Why is that important and what does it have to do with the President? Plenty.

Manafort’s next trial, scheduled for September, pertains to allegedly illicit relationships with foreigners (Russians and Ukrainians with ties to the Vladimir Putin). Like in the first trial, the evidence presented will likely not make a direct connection between those same Russians and Trump. But they will demonstrate that Manafort, who was Trump’s campaign manager for a critical part of the campaign, did.


As for Cohen, his plea had nothing to do with Russians, either. But observers should pay heed to several key aspects of today’s agreement. In particular were Cohen’s reported comments that he acted at the direction of a “candidate running for Federal office” to “influence” the outcome of the election in which that candidate was running.

Also left unsaid was the possibility that Cohen has agreed to cooperate with investigators and prosecutors in either the SDNY (New York), or in the Special Counsel’s office, on matters relevant to the Russia investigation. If that’s true and Cohen has information of value — did he go to Prague on Trump’s behalf? Why? To influence the outcome of an election at the direction of his master? — the benefit to the Russia investigation could be significant.

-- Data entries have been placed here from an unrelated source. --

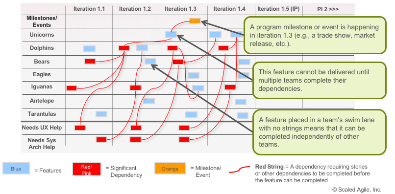During this process, teams identify risks and dependencies and draft their initial team PI objectives. The PI objectives typically include ‘uncommitted objectives,’ which are goals built into the plan (e.g., stories that have been defined and included for these objectives), but are not committed to by the team because of too many unknowns or risks. Uncommitted objectives are not extra things to do in case there is time. Instead, they increase the reliability of the plan and give management an early warning of goals that the ART may not be able to deliver. The teams also add the features and associated dependencies to the program board, as shown in Figure 3.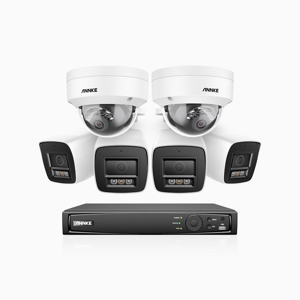 H800 - Kit de surveillance PoE 4K à 16 canaux avec 4 caméras bullet et 2 caméras dôme, anti-vandalisme IK10, vision nocturne en couleur et infrarouge, Détection Personne-Véhicule, Microphone intégré, Champ de vision de 96°, RTSP et ONVIF pris en charge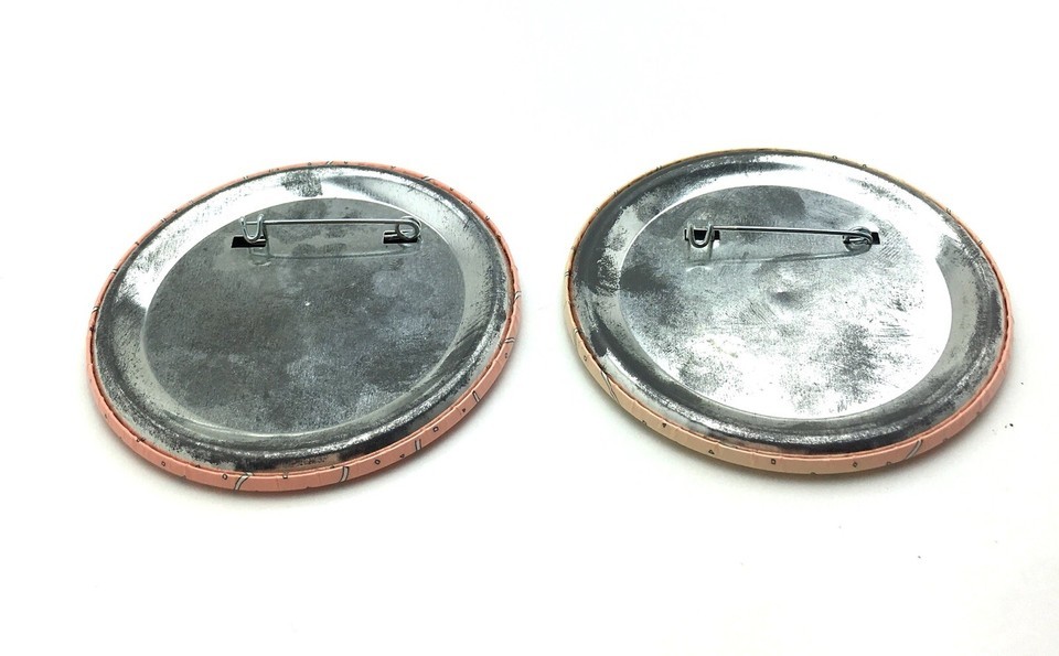 Each measures 3" in diameter with a safety pin back.

But even if neither of these convicts has much to offer, it still does not detract from another inevitability. The Russia investigation is approaching what promises to be a dramatic end. Step by patient step, the Special Counsel is putting together a tapestry of guilty pleas and jury 
convictions that is inevitably leading to one man. And judging from the President’s own incriminating tweet storms of late, it’s not hard to figure out who he is.

If that happens, it’ll be a fitting end for someone so unfit to lead what was a great country long before he tried to screw it up.
Montoya is a retired FBI senior official who served as the national counterintelligence executive, Office of the Director of National Intelligence, and special agent in charge of two FBI field offices.